1) Affine Normal Directions via Log-Determinant Geometry: Scalable Computation under Sparse Polynomial Structure

Authors: Yi-Shuai Niu, Artan Sheshmani, Shing-Tung Yau
arXiv: 2604.01163 · pdf
Categories: math.OC, math.AG, math.DG, math.NA

Abstract

Affine normal directions provide intrinsic affine-invariant descent directions derived from the geometry of level sets.
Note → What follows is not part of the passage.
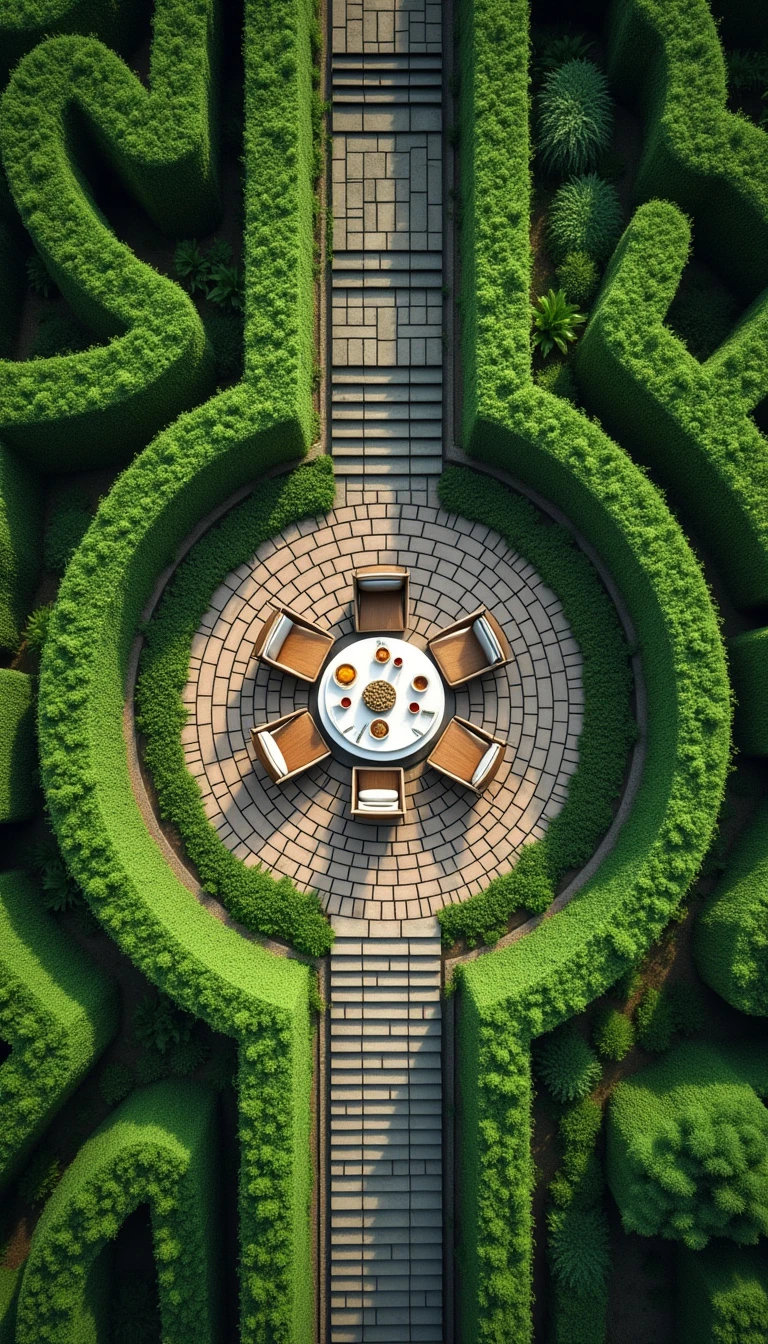 a garden maze, top down view, in the center is a circular platform with a table and chairs set up for tea,

Their practical use, however, has long been hindered by the need to evaluate third-order derivatives and invert tangent Hessians, which becomes computationally prohibitive in high dimensions. In this paper, we show that affine normal computation admits an exact reduction to second-order structure: the classical third-order contraction term is precisely the gradient of the log-determinant of the tangent Hessian. This identity replaces explicit third-order tensor contraction by a matrix-free formulation based on tangent linear solves, Hessian-vector products, and log-determinant gradient evaluation. Building on this reduction, we develop exact and stochastic matrix-free procedures for affine normal evaluation. For sparse polynomial objectives, the algebraic closure of derivatives further yields efficient sparse kernels for gradients, Hessian-vector products, and directional third-order contractions, leading to scalable implementations whose cost is governed by the sparsity structure of the polynomial representation. We establish end-to-end complexity bounds showing near-linear scaling with respect to the relevant sparsity scale under fixed stochastic and Krylov budgets. Numerical experiments confirm that the proposed MF-LogDet formulation reproduces the original autodifferentiation-based affine normal direction to near machine precision, delivers substantial runtime improvements in moderate and high dimensions, and exhibits empirical near-linear scaling in both dimension and sparsity. These results provide a practical computational route for affine normal evaluation and reveal a new connection between affine differential geometry, log-determinant curvature, and large-scale structured optimization.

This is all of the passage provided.